My parents, being the hippy recluses that they are, decided to move from the bay area, to a small community much east of here, when I went away to college. I took this in stride considering I have always harbored a dispassion for my hometown anyways. Who wouldn't rather visit a majestic lake house than a house in Redneck, USA? That being said, I see them on a regular though not constant basis. Yesterday, this time being the middle-aged rockers that they also are, the two of them took the day off of work and drove to Oakland to see Aerosmith and Sammy Hagar at the Oracle Arena. Unfortunately I had to work ( last night being another blog entry entirely) so I could not partake. My mother left me a voice message during Aerosmith's performance of "Dream On", which was a nice consolation. I left the key under the mat for them and they crashed at my place.

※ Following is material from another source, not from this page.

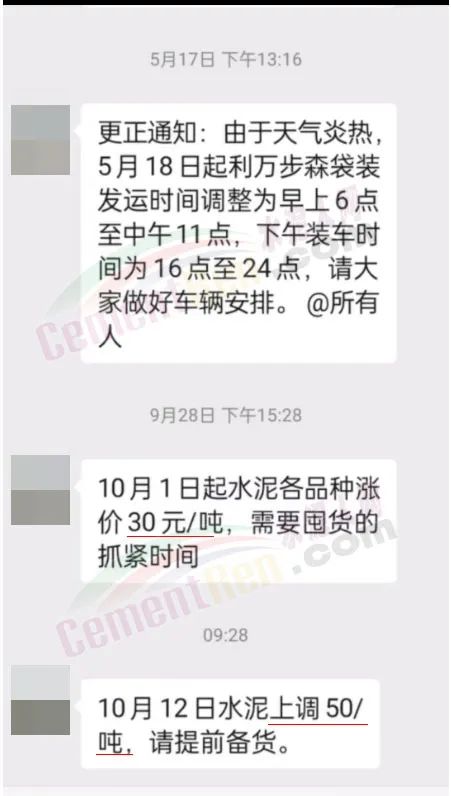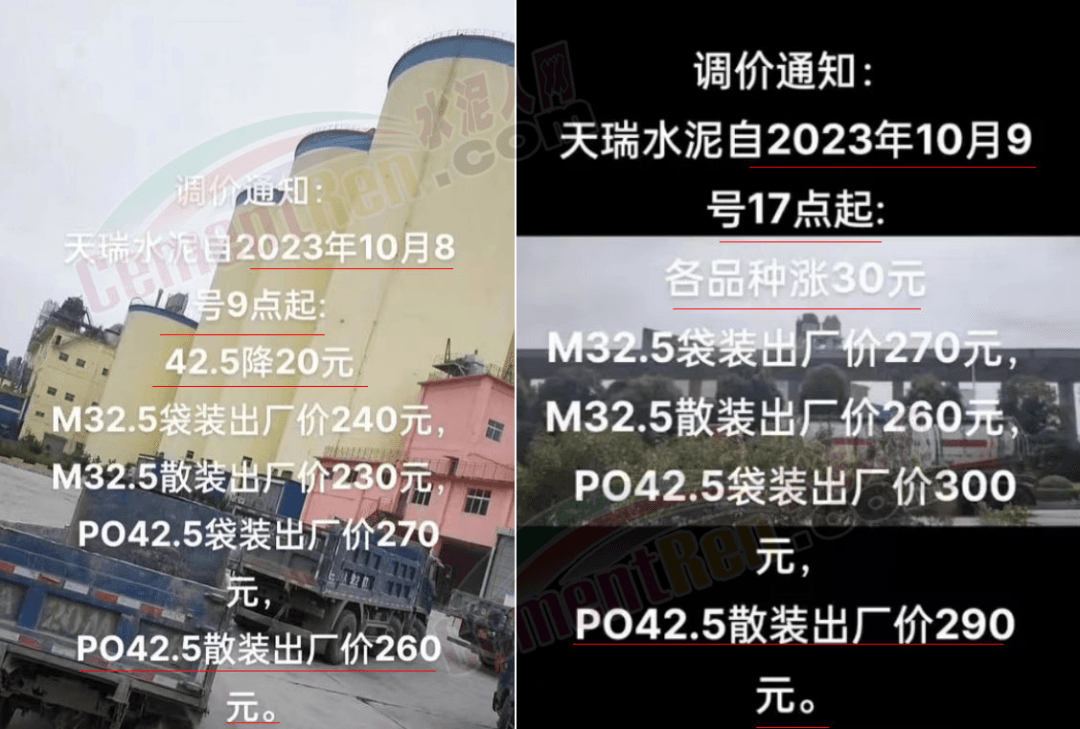 日前,河南地區主要品牌企業天瑞、中聯同力等通知上調報價30元/噸。當地經銷商反饋稱:企業通知10月8日9點降價20元/噸,降后P.O42.5散裝水泥出廠報價260元/噸;10月9日17點又通知上調30元/噸,上調后P.O42.5散裝水泥出廠價報290元/噸。變價像“川劇變臉”一樣快。

In the morning we enjoyed a leisurely coffee on the back patio. My mother and I invented a story about some fundraiser event that I promised Kira I would go to, which prevented me from going to the concert with them; the cover story I told my still-out-of-the-loop father. I expected that we would spend the day together, go out for lunch, maybe spent some time just exploring record stores and head shops in Berkeley, things we used to do when I lived at home.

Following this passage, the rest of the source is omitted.